• [Your goal] Only the lines below between the one holding "Look cool while" and the one holding "夏季高溫酷暑來臨,北京東城警", inclusive, are to be reproduced word for word; the pictures are to be left out.

• [Listed entries]
┌──

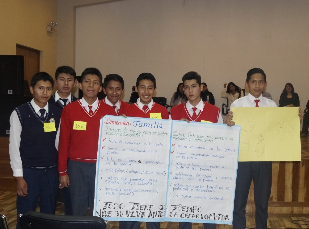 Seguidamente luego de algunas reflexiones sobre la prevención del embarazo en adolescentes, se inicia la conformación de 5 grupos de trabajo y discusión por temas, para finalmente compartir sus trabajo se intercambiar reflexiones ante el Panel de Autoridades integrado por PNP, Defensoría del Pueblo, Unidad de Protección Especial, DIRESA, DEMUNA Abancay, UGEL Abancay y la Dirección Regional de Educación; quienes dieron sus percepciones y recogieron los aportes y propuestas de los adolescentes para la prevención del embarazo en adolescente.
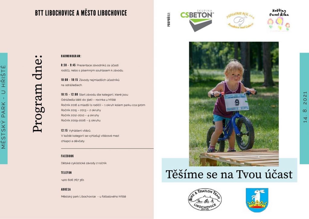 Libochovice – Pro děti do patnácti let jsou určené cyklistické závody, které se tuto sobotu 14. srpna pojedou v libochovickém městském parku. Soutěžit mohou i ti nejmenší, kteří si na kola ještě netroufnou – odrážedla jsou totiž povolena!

└──
┌──

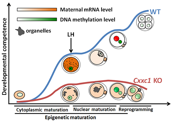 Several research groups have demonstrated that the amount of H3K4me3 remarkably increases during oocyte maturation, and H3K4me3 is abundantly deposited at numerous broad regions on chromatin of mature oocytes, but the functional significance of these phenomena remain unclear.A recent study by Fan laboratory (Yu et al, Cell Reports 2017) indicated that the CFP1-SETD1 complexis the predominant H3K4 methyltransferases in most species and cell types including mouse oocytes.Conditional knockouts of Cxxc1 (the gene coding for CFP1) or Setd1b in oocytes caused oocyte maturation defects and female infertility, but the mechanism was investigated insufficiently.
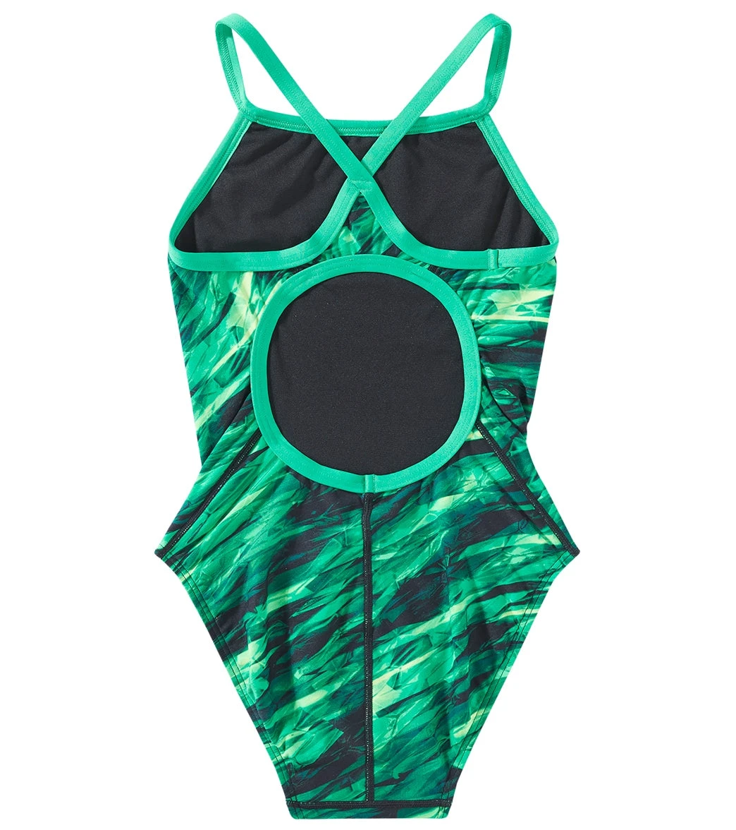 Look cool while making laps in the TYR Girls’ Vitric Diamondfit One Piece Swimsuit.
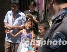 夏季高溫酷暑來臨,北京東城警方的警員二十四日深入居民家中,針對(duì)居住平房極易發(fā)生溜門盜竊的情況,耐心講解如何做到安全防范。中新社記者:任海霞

└──

• [Result of the task]
 Look cool while making laps in the TYR Girls’ Vitric Diamondfit One Piece Swimsuit.
 夏季高溫酷暑來臨,北京東城警方的警員二十四日深入居民家中,針對(duì)居住平房極易發(fā)生溜門盜竊的情況,耐心講解如何做到安全防范。中新社記者:任海霞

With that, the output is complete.